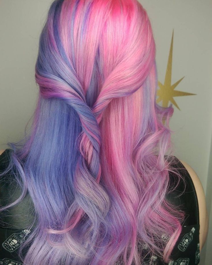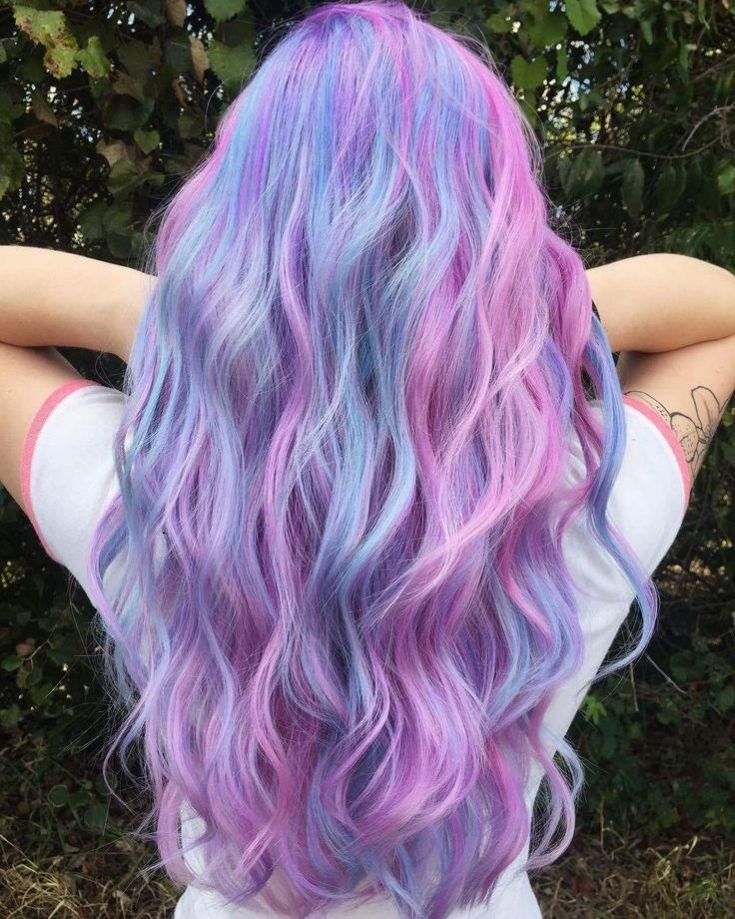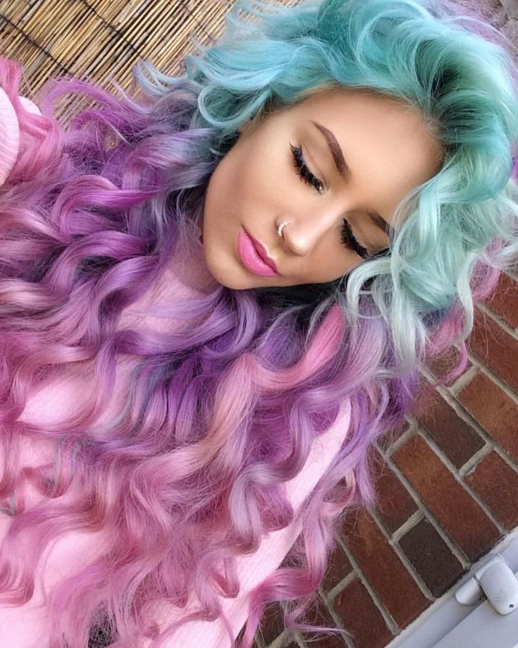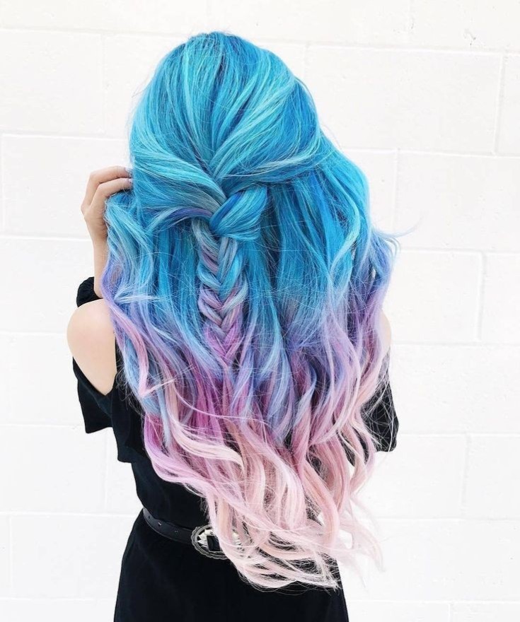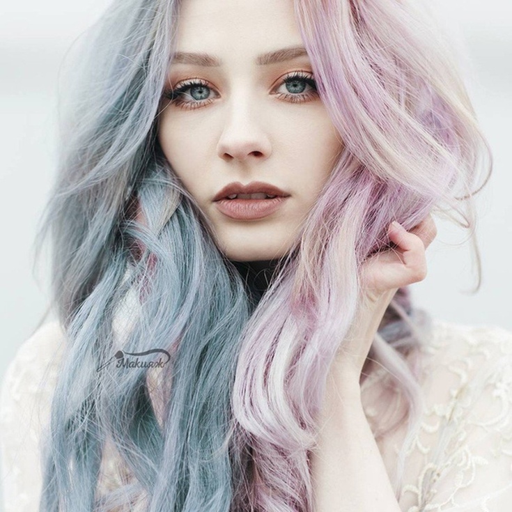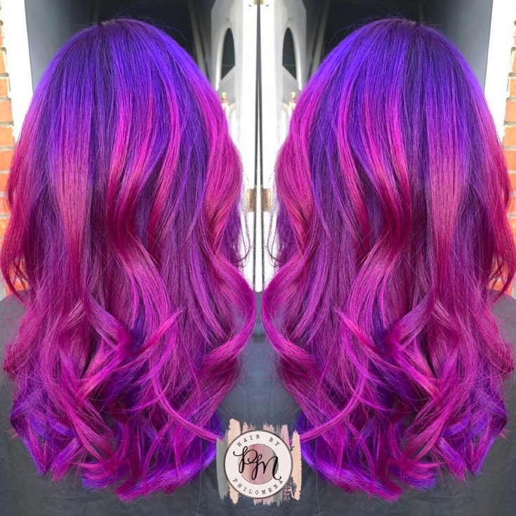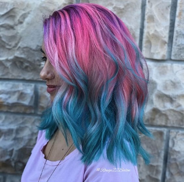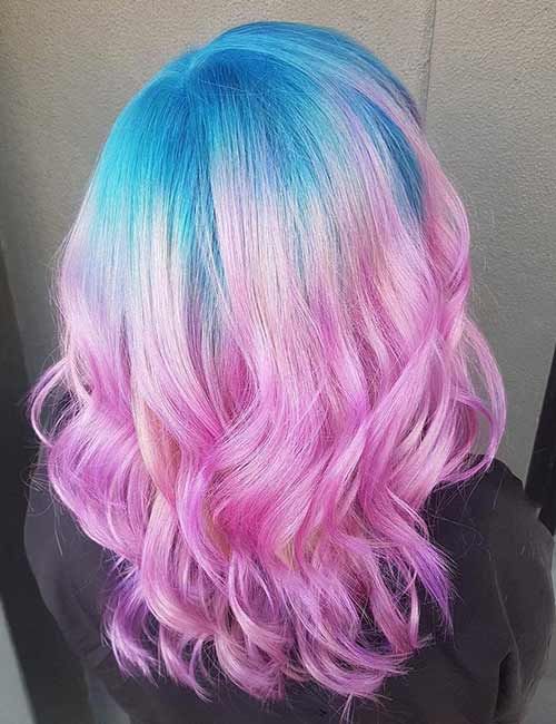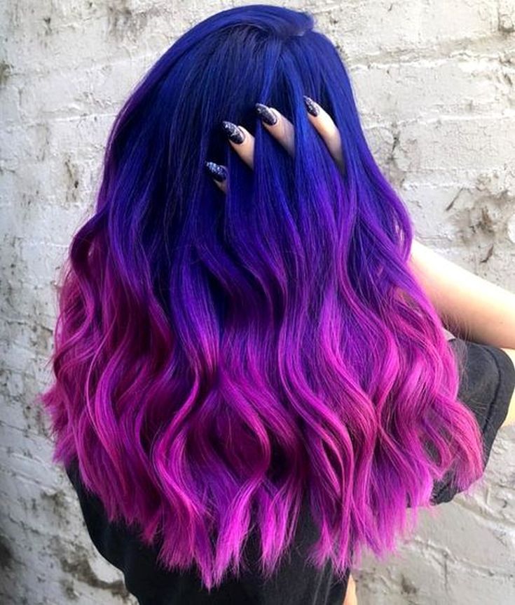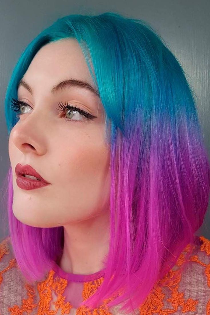 Os cabeleireiros satisfazem os desejos extravagantes das fashionistas pintando seus cabelos nas cores azul-vermelho e azul-rosa, porque combinam perfeitamente entre si. Para dar vida a esse método, a técnica ombre é mais adequada, quando duas cores do arco-íris fluem suavemente uma na outra. Fica linda em cachos longos.
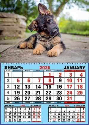 Календарь настенный 310*420мм на 2026г. ОДНОБЛОЧНЫЙ с курсором и календ.сеткой "Щенок"
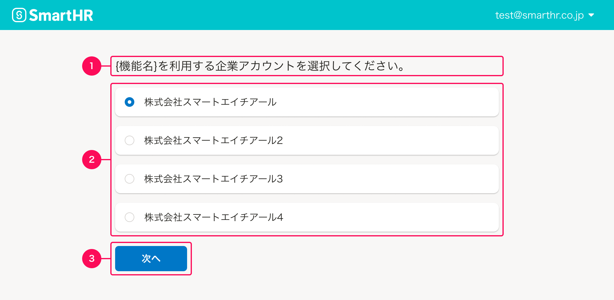 SmartHR基本機能からオプション機能に移動する際に、企業アカウントを選択する画面を定義します。
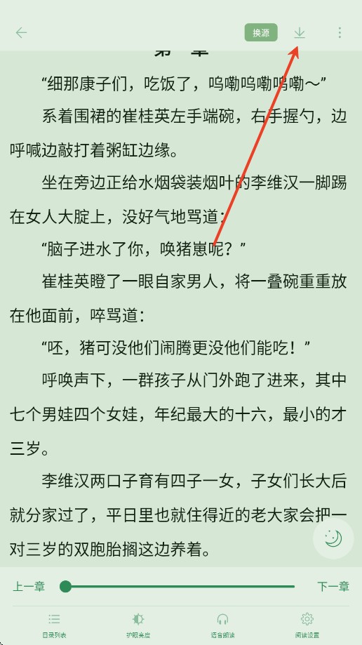 1、进入你想下载的小说的阅读界面,然后点击右上角的下载按钮。
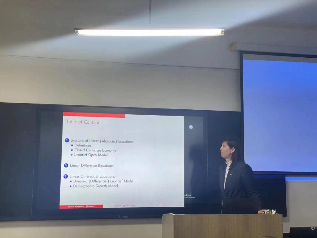 交流中,开云(中国)经法学院院长郭浩淼介绍了经法学院国际经济与贸易、金融和金融科技三个专业的发展现状、主要研究方向及近几年取得的主要研究成果。Галкин Александр Васильевич院长向经法学院师生介绍了俄罗斯利佩茨克州、利佩茨克国立技术大学的基本情况及如何运用EPR软件的核心算法来优化管理生产计划;Сысоев Антон Сергеевич副院长讲授了如何运用应用线性回归模型来描述社会经济系统的动态问题;Орешина Мария Николаевна主任介绍了代数方程组、微分和差分模型在经济分析中的应用。与会的经法学院师生与三位俄方教师就相互关心的学术问题进行了深入的交流互动。
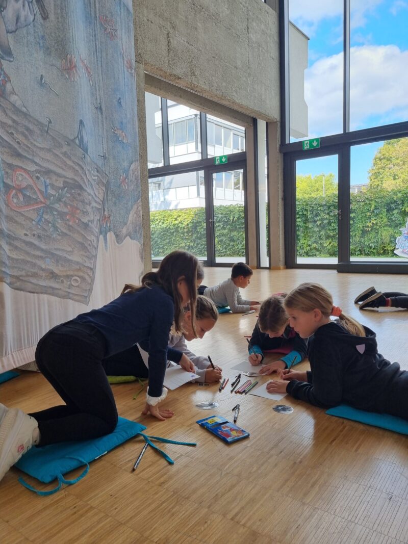 Vsak otrok bo svojo škatlico (npr. od čevljev) spremenil v »mini galerijo«. Vanjo bo prilepil risbe, drobne figure ali izreze, ki ga bodo navdihnili na razstavi. Na koncu bomo dodali še domišljijske obiskovalce, vse škatlice pa sestavili v skupno »otroško galerijo«.
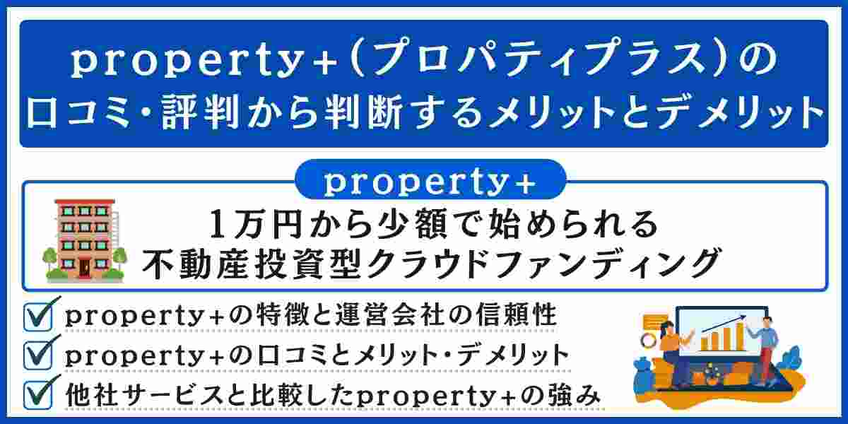 本記事では、property+の特徴や運営会社の信頼性、メリット・デメリット、実際の口コミ、登録方法や他社比較まで、初心者にもわかりやすく徹底解説します。
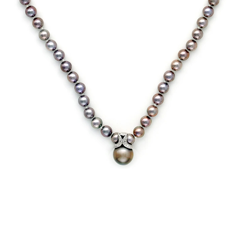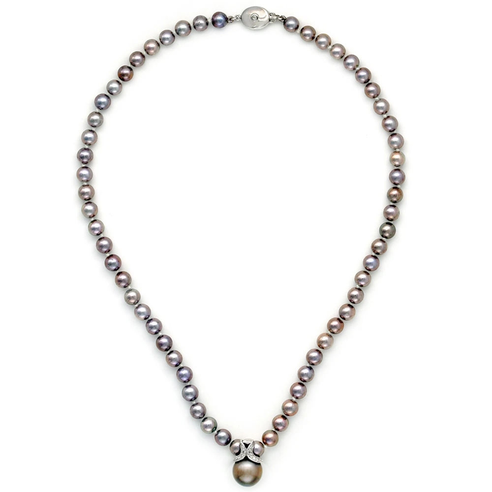 Στο κάτω μέρος του κολιέ υπάρχει ένα μοναδικό μενταγιόν με ένα υπέροχο και ολοστρόγγυλο φυσικό μαύρο μαργαριτάρι θαλάσσης South Sea Tahiti διαμέτρου 12,3 χιλιοστών σε λευκόχρυση βάση 18 καρατίων με 16 διαμάντια 0,12ct.
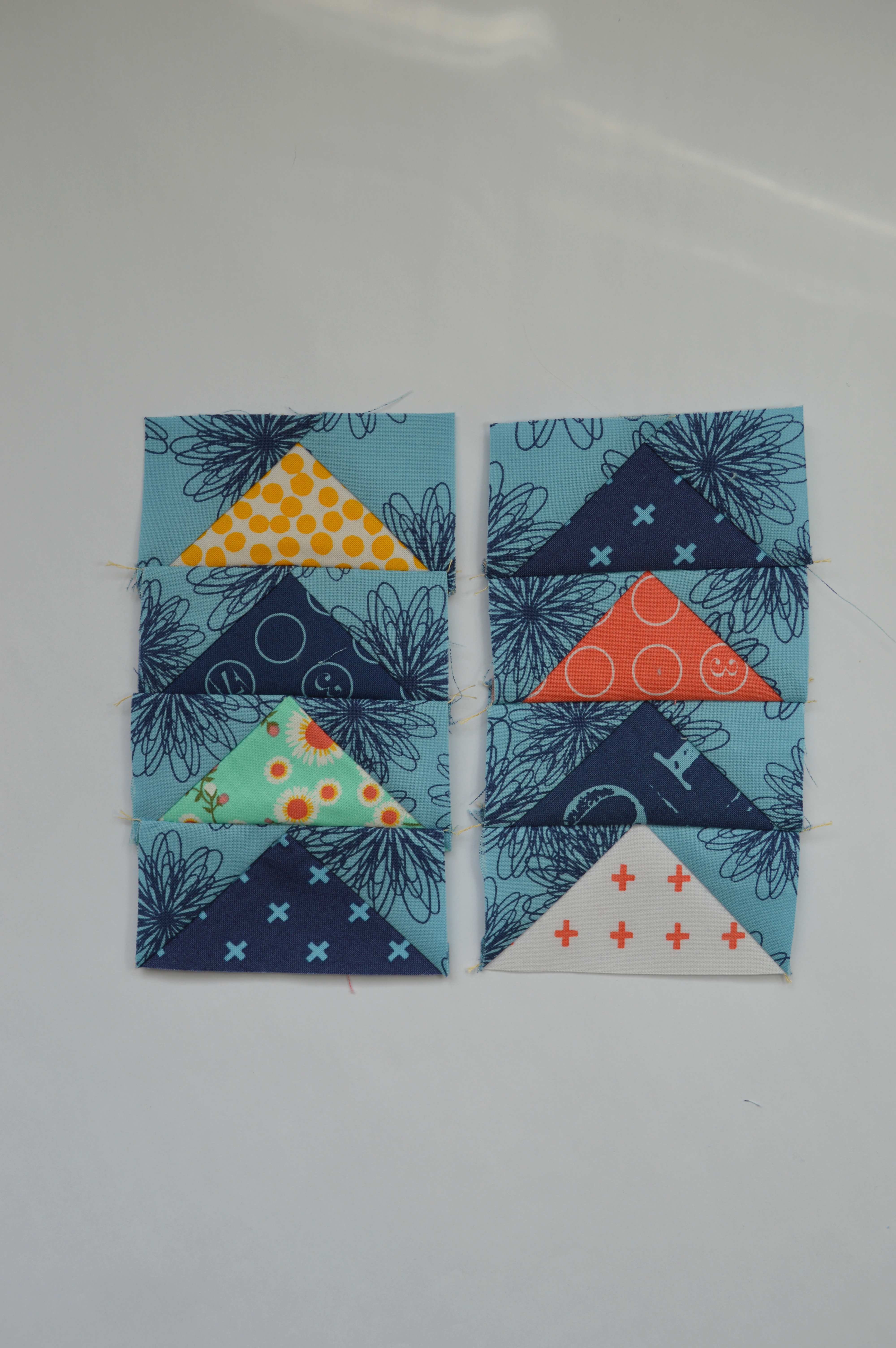 from the light blue print, cut 8 squares 2 1/2″, then cut in half diagonally to yield 16 half-square triangles (HST)
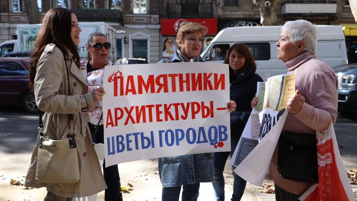 Мешканці Одеси принесли квіти та подарували звичайним працівникам на будівництві, а також роздавали брошури й просили припинити знищення історичних споруд.
——
#### Try it
Copy out exactly the lines between the line containing "本記事では、property" and the end of the entries, including both, and leave the pictures behind.

#### Your solution
 本記事では、property+の特徴や運営会社の信頼性、メリット・デメリット、実際の口コミ、登録方法や他社比較まで、初心者にもわかりやすく徹底解説します。
 Στο κάτω μέρος του κολιέ υπάρχει ένα μοναδικό μενταγιόν με ένα υπέροχο και ολοστρόγγυλο φυσικό μαύρο μαργαριτάρι θαλάσσης South Sea Tahiti διαμέτρου 12,3 χιλιοστών σε λευκόχρυση βάση 18 καρατίων με 16 διαμάντια 0,12ct.
 from the light blue print, cut 8 squares 2 1/2″, then cut in half diagonally to yield 16 half-square triangles (HST)
 Мешканці Одеси принесли квіти та подарували звичайним працівникам на будівництві, а також роздавали брошури й просили припинити знищення історичних споруд.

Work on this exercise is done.